TO DO: Retype the line with "Zestaw kokon z" exactly. Then retype every line after it through the end of the entries below, and nothing more, leaving out pictures.

Data entries:
=== Begin Enclosure ===

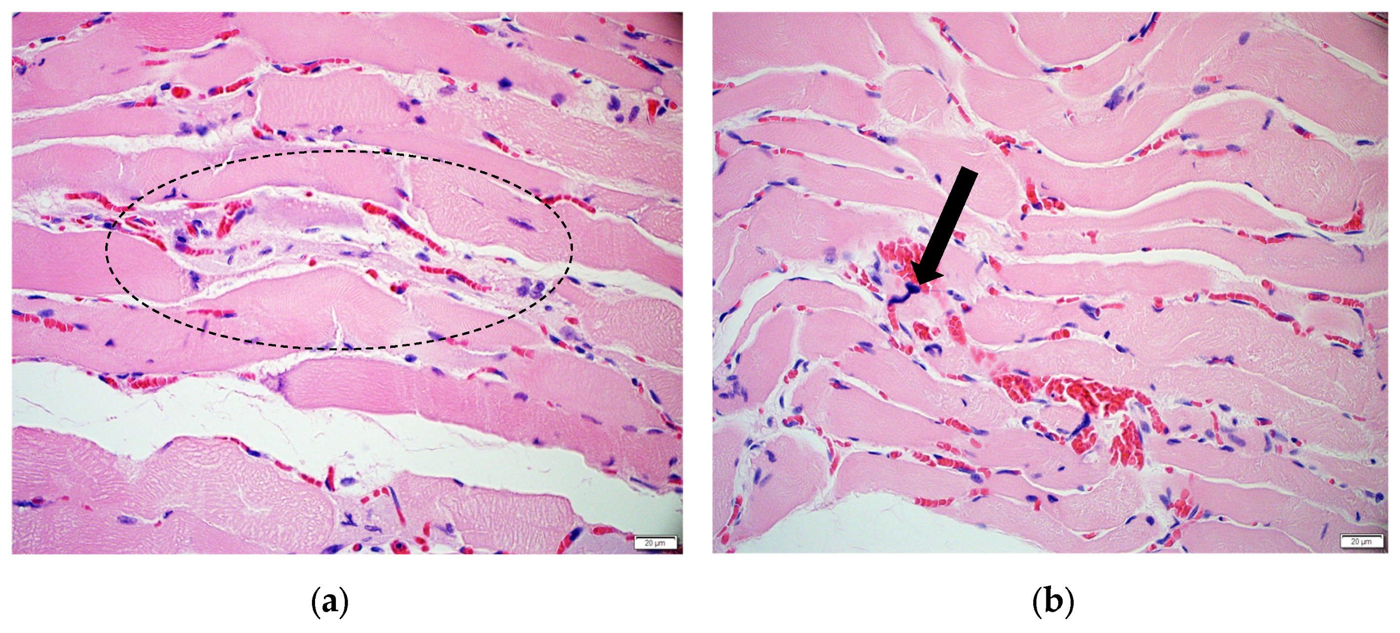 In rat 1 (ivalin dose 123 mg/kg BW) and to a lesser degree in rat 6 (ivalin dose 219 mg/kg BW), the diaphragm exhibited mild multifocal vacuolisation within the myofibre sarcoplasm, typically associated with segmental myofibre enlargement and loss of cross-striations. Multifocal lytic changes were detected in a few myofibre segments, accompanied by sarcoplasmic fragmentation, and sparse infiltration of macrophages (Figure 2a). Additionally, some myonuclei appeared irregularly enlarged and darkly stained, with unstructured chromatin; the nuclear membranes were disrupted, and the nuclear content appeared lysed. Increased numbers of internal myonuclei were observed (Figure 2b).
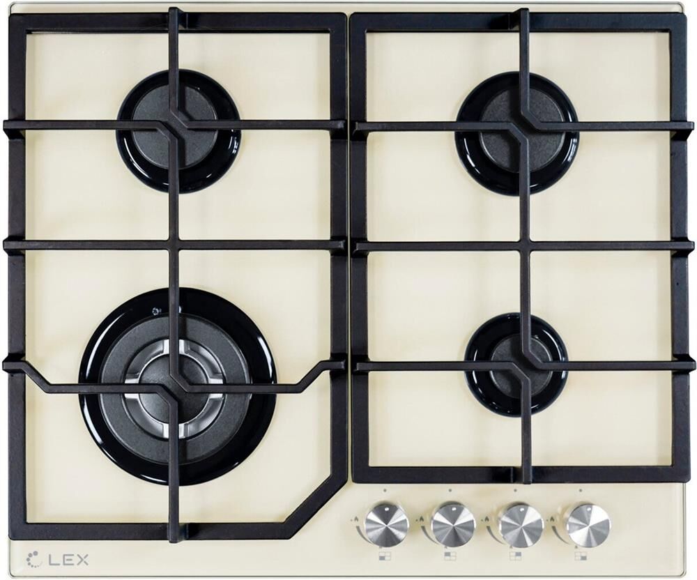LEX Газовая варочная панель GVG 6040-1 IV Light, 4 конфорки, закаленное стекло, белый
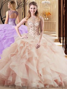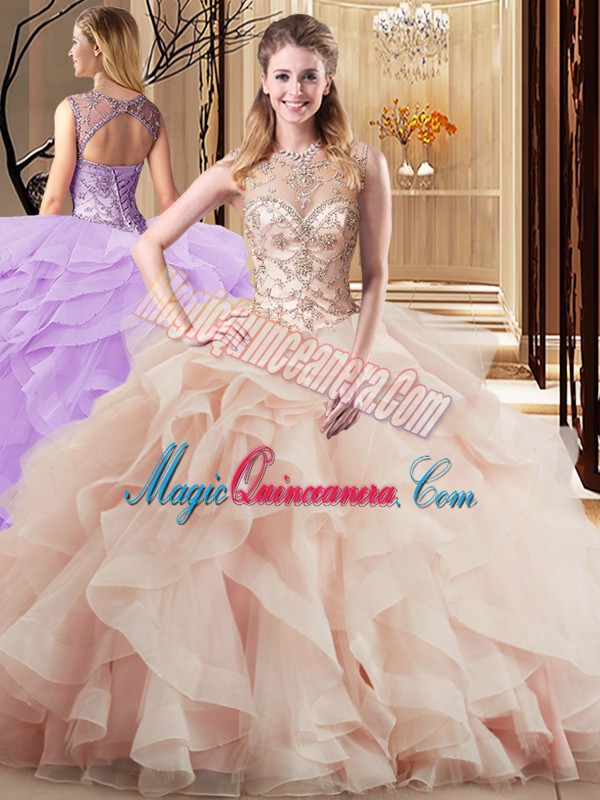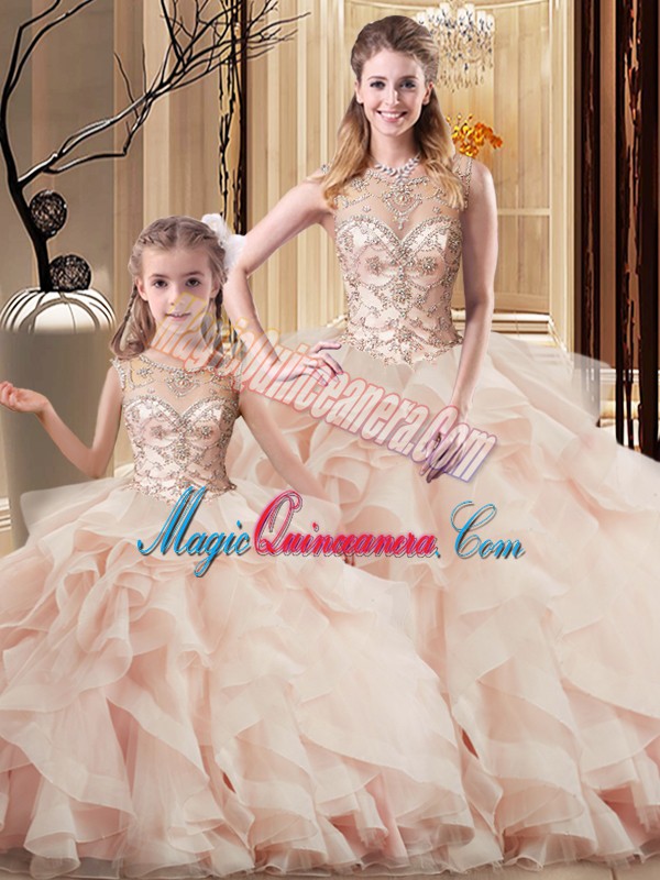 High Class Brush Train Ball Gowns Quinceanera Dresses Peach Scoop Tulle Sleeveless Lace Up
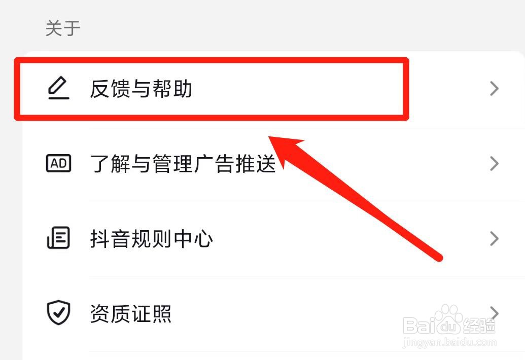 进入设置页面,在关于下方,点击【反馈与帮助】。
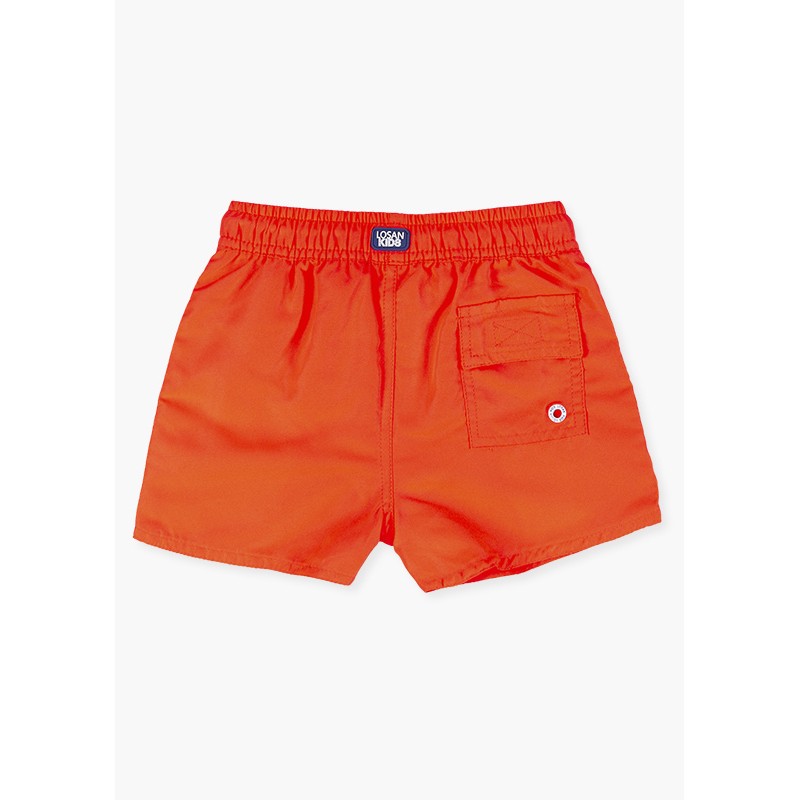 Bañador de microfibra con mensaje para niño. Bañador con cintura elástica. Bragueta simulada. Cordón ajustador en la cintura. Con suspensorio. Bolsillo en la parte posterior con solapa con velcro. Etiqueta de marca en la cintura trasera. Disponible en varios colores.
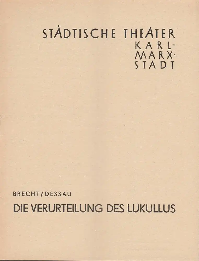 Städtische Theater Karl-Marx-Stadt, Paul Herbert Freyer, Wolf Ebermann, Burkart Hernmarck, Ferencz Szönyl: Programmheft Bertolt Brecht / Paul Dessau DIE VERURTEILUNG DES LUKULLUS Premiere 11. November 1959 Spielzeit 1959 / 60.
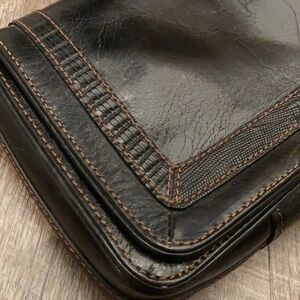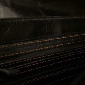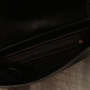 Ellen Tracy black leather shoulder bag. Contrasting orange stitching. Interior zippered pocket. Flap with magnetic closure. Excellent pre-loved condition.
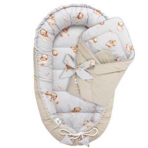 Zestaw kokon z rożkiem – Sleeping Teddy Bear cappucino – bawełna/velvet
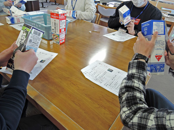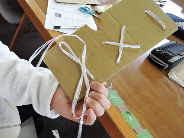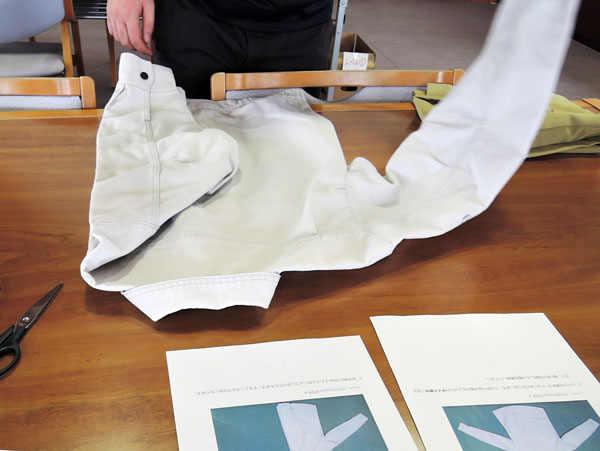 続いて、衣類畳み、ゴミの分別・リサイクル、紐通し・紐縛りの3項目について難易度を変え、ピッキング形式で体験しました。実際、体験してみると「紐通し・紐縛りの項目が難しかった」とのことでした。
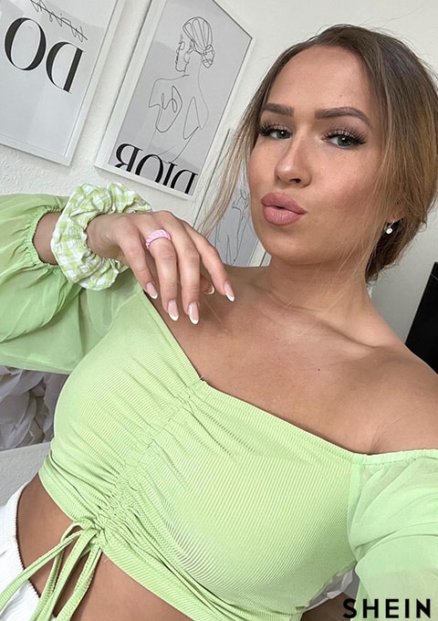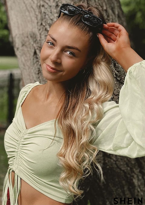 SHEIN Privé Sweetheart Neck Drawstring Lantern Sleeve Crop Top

=== End Enclosure ===

RESPONSE AREA:
 Zestaw kokon z rożkiem – Sleeping Teddy Bear cappucino – bawełna/velvet
 続いて、衣類畳み、ゴミの分別・リサイクル、紐通し・紐縛りの3項目について難易度を変え、ピッキング形式で体験しました。実際、体験してみると「紐通し・紐縛りの項目が難しかった」とのことでした。
 SHEIN Privé Sweetheart Neck Drawstring Lantern Sleeve Crop Top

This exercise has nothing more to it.